Beyond reducing AI's energy footprint, the researchers also point to a second, more exploratory application: the potential to support basic quantum computing functions on future semiconductor chips. Quantum computing, which exploits the strange behaviour of particles at extremely small scales to perform certain calculations far beyond the reach of classical computers, has historically required enormously complex and expensive infrastructure to maintain the delicate quantum states involved. A semiconductor platform capable of generating and controlling polaritons reliably could, in principle, offer a more practical route toward integrating quantum-level effects into more conventional chip designs — though the researchers themselves describe this as an early-stage possibility rather than a near-term application. This work builds on a broader and increasingly active field of photonic computing research at Penn and elsewhere; a separate Penn Engineering team led by Professor Liang Feng has already developed a programmable chip that uses light to train nonlinear neural networks, demonstrating that the broader thesis — using photons rather than electrons for the mathematics underlying AI — is being pursued across multiple research groups simultaneously, each tackling different pieces of the same fundamental challenge.

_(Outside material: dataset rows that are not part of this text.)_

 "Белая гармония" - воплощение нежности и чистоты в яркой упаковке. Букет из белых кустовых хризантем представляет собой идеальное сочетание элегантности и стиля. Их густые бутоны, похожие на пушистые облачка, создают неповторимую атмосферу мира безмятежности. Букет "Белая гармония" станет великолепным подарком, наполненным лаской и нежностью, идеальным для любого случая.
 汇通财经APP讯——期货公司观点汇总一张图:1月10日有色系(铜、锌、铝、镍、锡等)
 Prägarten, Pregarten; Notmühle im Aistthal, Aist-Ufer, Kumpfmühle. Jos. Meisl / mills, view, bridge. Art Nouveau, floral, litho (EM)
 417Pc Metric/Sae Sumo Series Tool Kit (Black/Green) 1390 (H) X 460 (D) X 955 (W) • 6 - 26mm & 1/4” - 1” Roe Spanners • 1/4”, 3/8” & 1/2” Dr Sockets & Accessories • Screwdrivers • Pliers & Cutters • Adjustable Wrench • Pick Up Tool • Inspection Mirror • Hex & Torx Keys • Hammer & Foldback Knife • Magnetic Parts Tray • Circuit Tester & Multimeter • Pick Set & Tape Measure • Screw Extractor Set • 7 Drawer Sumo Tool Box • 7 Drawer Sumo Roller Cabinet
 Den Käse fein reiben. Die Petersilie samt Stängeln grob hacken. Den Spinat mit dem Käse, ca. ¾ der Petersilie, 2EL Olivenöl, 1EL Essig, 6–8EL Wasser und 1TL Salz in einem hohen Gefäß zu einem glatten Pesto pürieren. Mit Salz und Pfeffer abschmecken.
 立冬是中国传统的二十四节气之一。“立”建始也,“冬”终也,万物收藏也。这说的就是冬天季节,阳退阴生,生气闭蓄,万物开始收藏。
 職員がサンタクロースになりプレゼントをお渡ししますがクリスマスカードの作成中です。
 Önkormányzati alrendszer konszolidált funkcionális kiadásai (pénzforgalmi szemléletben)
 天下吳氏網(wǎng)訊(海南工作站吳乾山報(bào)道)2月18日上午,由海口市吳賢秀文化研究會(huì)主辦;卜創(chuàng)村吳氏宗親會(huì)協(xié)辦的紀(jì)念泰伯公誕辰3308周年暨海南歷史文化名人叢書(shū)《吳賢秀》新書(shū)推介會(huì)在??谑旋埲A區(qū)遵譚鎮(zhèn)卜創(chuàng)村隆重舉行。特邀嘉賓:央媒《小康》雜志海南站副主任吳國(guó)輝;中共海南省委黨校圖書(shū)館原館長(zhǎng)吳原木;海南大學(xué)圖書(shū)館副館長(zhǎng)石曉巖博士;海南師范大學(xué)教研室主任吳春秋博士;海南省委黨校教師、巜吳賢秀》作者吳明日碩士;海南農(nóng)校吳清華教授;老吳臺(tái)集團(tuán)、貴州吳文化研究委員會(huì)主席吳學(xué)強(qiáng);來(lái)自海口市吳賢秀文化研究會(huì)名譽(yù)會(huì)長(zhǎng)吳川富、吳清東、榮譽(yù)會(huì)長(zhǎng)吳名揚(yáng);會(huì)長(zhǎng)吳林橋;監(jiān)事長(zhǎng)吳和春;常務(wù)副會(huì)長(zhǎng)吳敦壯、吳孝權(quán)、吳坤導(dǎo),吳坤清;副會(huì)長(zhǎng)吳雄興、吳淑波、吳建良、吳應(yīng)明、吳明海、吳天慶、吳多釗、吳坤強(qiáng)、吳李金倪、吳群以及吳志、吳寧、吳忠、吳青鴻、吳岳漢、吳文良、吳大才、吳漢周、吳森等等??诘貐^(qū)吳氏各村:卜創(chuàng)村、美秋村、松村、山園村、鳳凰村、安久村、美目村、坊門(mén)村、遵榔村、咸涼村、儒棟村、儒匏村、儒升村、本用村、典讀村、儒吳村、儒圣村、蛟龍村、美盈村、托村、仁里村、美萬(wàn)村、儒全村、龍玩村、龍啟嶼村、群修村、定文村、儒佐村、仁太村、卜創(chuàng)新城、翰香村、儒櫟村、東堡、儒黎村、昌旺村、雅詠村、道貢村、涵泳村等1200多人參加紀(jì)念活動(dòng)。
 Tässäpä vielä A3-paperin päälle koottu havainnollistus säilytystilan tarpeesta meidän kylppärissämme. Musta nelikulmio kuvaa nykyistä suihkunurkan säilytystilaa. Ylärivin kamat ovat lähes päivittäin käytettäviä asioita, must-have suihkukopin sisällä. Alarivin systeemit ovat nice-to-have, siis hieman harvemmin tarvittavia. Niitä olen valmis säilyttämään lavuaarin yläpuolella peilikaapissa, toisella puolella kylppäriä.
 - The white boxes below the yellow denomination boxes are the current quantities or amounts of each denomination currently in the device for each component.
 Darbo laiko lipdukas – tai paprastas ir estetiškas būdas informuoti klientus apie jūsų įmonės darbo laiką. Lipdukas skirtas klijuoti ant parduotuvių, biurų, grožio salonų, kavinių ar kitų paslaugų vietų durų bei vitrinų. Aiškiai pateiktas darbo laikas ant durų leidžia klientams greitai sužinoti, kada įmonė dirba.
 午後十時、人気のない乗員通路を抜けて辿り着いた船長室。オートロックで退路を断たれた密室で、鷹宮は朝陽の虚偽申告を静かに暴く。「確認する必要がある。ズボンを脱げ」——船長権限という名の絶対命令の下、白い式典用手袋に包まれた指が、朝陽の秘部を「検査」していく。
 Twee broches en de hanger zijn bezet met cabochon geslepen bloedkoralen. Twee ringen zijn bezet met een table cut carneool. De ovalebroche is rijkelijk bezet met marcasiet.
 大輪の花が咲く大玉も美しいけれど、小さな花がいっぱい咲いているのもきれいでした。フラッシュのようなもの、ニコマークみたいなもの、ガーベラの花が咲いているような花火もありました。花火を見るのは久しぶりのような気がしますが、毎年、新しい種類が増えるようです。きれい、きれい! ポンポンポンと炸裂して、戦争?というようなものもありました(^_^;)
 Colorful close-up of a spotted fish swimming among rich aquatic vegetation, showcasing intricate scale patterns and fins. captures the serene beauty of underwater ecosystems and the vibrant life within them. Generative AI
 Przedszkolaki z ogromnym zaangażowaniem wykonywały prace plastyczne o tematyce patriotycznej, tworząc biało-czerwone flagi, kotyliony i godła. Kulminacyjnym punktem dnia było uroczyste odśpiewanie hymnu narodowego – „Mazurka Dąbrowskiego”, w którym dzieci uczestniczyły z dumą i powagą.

A Realistic Timeline From Laboratory to Commercial Chips

It is worth being honest about where this technology currently stands, because the gap between a landmark physics result published in Physical Review Letters and a commercially available AI chip is substantial, and history offers useful guidance on how that gap typically closes. The Penn result is, at this stage, a laboratory demonstration of a physical principle: that exciton-polaritons can perform all-light switching at extraordinarily low energy using a specific, carefully engineered material system involving a nanoscale cavity and an atomically thin semiconductor layer. It has not yet been demonstrated in a fully integrated, multi-component chip capable of performing the complex range of operations a real AI processor needs to execute.

The realistic timeline for technology at this stage typically unfolds in stages spanning many years. The next phase of research will likely focus on demonstrating more complex circuits built from multiple polariton switching elements working together, proving that the technology can perform not just a single switching operation but the kind of cascading logical operations a genuine processor requires. Following that, researchers would need to address the manufacturing challenge of producing these nanoscale cavity and monolayer semiconductor structures reliably and at the scale required for commercial chip fabrication — a process that, for previous generations of novel semiconductor technology, has often taken five to ten years to mature from laboratory demonstration to pilot manufacturing. Photonic computing as a broader field is already at a more advanced stage than the specific polariton technology described here, with some photonic AI accelerators already being tested commercially for narrower applications, suggesting that the surrounding ecosystem and manufacturing expertise exists to potentially accelerate the path for the most promising laboratory breakthroughs. A reasonable estimate, based on the typical maturation timeline for comparably foundational semiconductor physics discoveries, would place commercially available chips incorporating this specific exciton-polariton technology somewhere in the 2032 to 2036 range, assuming continued research funding and successful resolution of the manufacturing challenges involved — though breakthroughs in adjacent areas of photonic computing could bring partial applications to market considerably sooner.

Conclusion

The discovery published by Bo Zhen, Li He, and their colleagues at the University of Pennsylvania is, at its core, a demonstration that one of the most stubborn obstacles in optical computing — getting light to meaningfully interact with itself — can be solved using hybrid light-matter particles operating at an energy scale that is almost impossible to intuitively grasp. Four quadrillionths of a joule, less energy than it takes to make a tiny LED flicker, is the cost of switching information using exciton-polaritons rather than electrons. That number matters enormously not because it will immediately appear in your next laptop or phone, but because it points toward a fundamentally different cost structure for the kind of computation that AI depends on, at a moment when AI's electricity consumption is on a trajectory to match the entire annual power usage of Japan within the next few years. The road from this laboratory result to a chip sitting inside a data centre is long, and the engineering challenges that remain are genuinely difficult. But eighty years after Penn researchers built the machine that started the electronic computing era using streams of electrons, a new generation of Penn physicists has shown a credible, physically grounded reason to believe that light may carry computing into its next one.

*This article is based on the peer-reviewed study "Strongly Nonlinear Nanocavity Exciton Polaritons in Gate-Tunable Monolayer Semiconductors" by Zhi Wang, Bumho Kim, Bo Zhen, and Li He, published in Physical Review Letters on April 8, 2026, and reporting from ScienceDaily, TechXplore, SciTechDaily, Dataconomy, the International Energy Agency, and Penn Today.*